About this exercise >> Copy the records below exactly, starting at the line that contains "logo-embroidered round-neck jumper" and ending at the line that contains "falling apart |"; leave out any pictures.

Entries provided >>
______

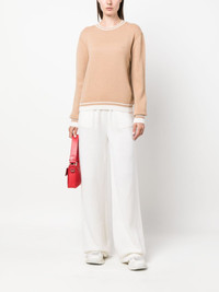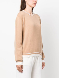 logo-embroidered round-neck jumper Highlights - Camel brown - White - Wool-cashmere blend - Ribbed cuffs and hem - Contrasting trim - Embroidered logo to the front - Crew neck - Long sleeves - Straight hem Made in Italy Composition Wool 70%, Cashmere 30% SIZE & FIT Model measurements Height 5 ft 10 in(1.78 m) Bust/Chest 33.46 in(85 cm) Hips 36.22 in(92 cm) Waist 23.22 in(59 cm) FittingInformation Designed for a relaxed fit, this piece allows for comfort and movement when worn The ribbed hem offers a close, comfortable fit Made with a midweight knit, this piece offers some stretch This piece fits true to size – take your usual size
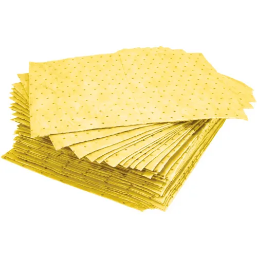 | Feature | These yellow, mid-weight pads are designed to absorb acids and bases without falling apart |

______

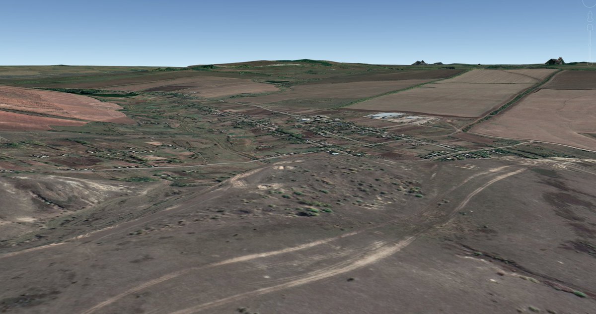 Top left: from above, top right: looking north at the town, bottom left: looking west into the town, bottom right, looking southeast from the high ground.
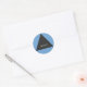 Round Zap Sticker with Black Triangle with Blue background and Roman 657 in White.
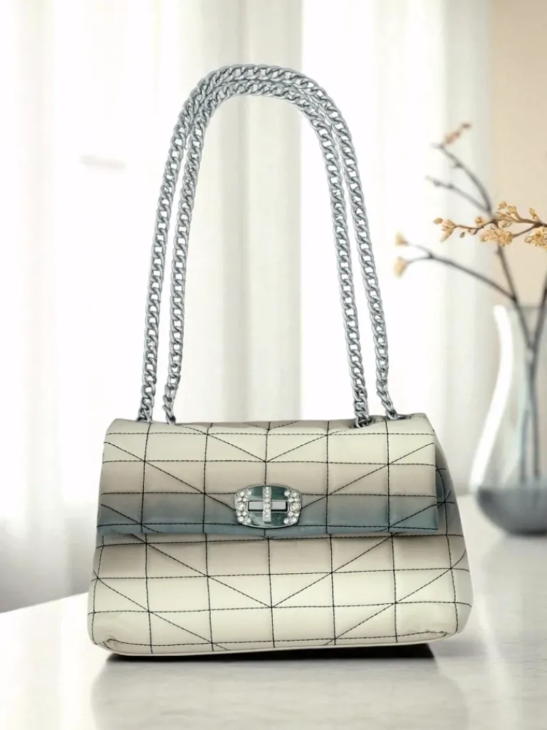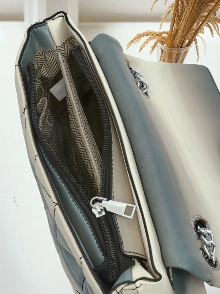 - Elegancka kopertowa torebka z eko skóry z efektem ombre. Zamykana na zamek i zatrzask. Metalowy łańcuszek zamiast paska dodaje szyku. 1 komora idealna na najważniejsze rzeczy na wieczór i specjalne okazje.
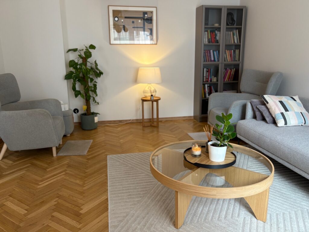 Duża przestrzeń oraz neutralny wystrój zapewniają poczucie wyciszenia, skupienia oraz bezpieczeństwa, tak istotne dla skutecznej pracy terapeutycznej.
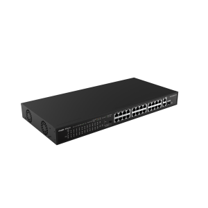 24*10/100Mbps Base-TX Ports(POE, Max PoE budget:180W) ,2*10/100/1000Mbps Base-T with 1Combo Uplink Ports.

______

Answer space >>
 logo-embroidered round-neck jumper Highlights - Camel brown - White - Wool-cashmere blend - Ribbed cuffs and hem - Contrasting trim - Embroidered logo to the front - Crew neck - Long sleeves - Straight hem Made in Italy Composition Wool 70%, Cashmere 30% SIZE & FIT Model measurements Height 5 ft 10 in(1.78 m) Bust/Chest 33.46 in(85 cm) Hips 36.22 in(92 cm) Waist 23.22 in(59 cm) FittingInformation Designed for a relaxed fit, this piece allows for comfort and movement when worn The ribbed hem offers a close, comfortable fit Made with a midweight knit, this piece offers some stretch This piece fits true to size – take your usual size
 | Feature | These yellow, mid-weight pads are designed to absorb acids and bases without falling apart |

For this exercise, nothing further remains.